In this answer, @juewang mentions that the causal attention mask for GPT-JT is set to 1 by default. However, loading GPT-JT with transformers.AutoModelForCausalLM.from_pretrained just loads a normal GPT-J model, and the attention bias for GPT-J defaults to causal attention, as far as I can tell from here.
Could someone explain what I'm missing? I'm confused about how GPT-JT can implement custom attention masking, when there doesn't seem to be any GPT-JT-specific code in HuggingFace (just relying on GPT-J).
Thanks!
I was confused because I didn't realize that the attention_mask is actually a PyTorch registered buffer, i.e., part of the weights checkpoint; it's not controlled in code. The mask is in model.transformer.h[i].attn.bias.data[:].
My simple sampling loop looks like this, for reference:
def gptjt_sample(model, tokenizer, prompt_text, max_length=100, eos_token_id=None, do_sample=False):
dev = list(model.parameters())[0].device
input_ids = tokenizer(prompt_text, return_tensors='pt').input_ids.to(dev)
past_key_values = None
output_ids = input_ids
for i in range(max_length):
possibly_only_last_token = output_ids[:, -1:] if past_key_values is not None else output_ids
outputs = model(possibly_only_last_token, use_cache=True, past_key_values=past_key_values, output_hidden_states=True)

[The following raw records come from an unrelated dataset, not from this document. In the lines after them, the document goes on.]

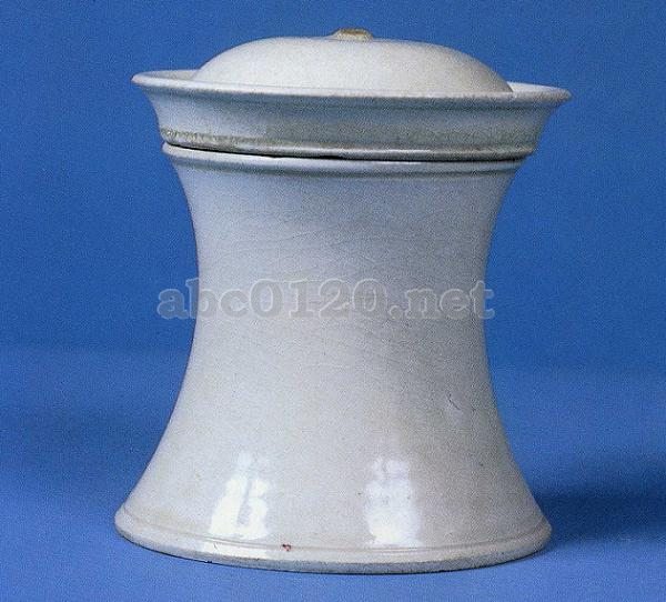 円形,口は大きく,腰部はしまり,平底。蓋のまわりと口のうえとが平らで,頂上は宝珠の鈕があったが,すでに欠けている。器の内外には白釉がほどこされ,やや黄味を帯びている。釉は厚く氷裂文があり,その光沢は目を奪うばかりである。出所:「シルクロード文物展」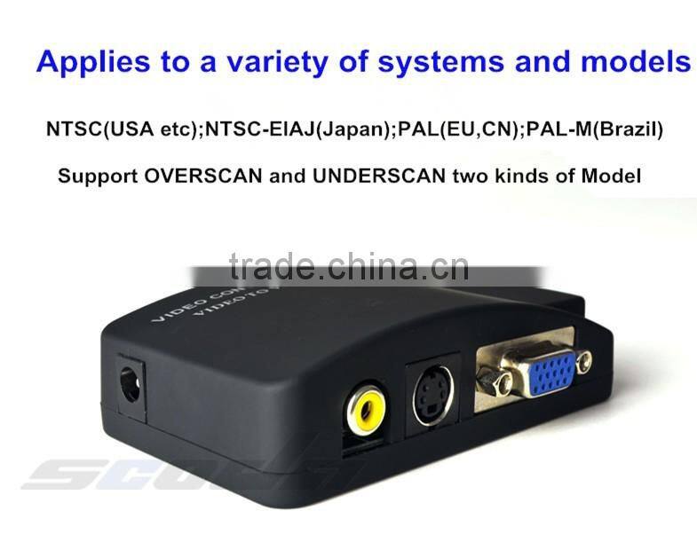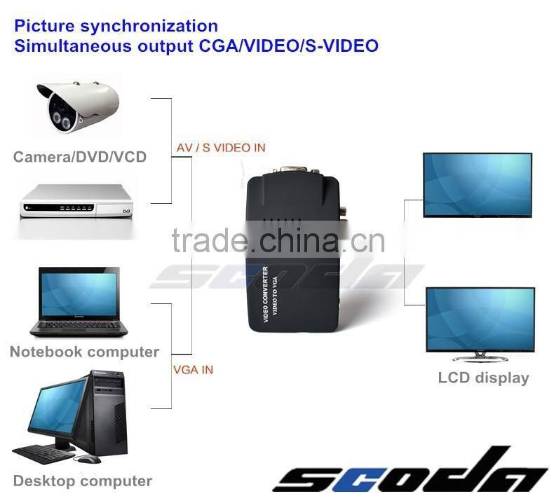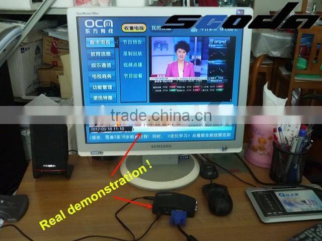It can change the signals of“s” terminatorofvideo into VGA signals line-by-line. Let your monitor change into flicker free display.Flicker free displayis good display. It also can be connected to VCD/DVD/Webcam/set-top boxetc. And make your monitor be like digital TV.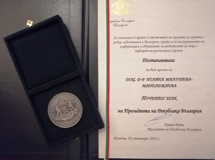 На тържествена церемония доц. д-р Полина Милушева - Мандаджиева получи почетния знак на президента на Р България Румен Радев. Високото отличие ѝ беше връчено за значимия ѝ принос в отстояването на каузата на хората с редки заболявания в България, както и за осигуряването на информация и обучението на родителите на деца с дефицит на растежния хормон.

past_key_values = outputs.past_key_values
next_token_logits = outputs.logits[:, -1, :]
if do_sample:
next_token = torch.multinomial(torch.softmax(next_token_logits, dim=-1), num_samples=1)
else:
next_token = torch.argmax(next_token_logits, dim=-1, keepdim=True)
output_ids = torch.cat([output_ids, next_token], dim=-1)
if eos_token_id is not None and next_token == eos_token_id:
break
return tokenizer.decode(output_ids[0], skip_special_tokens=True)
Yeah, you are right, attention_mask is a registered buffer and will be overwritten after loading the ckpt.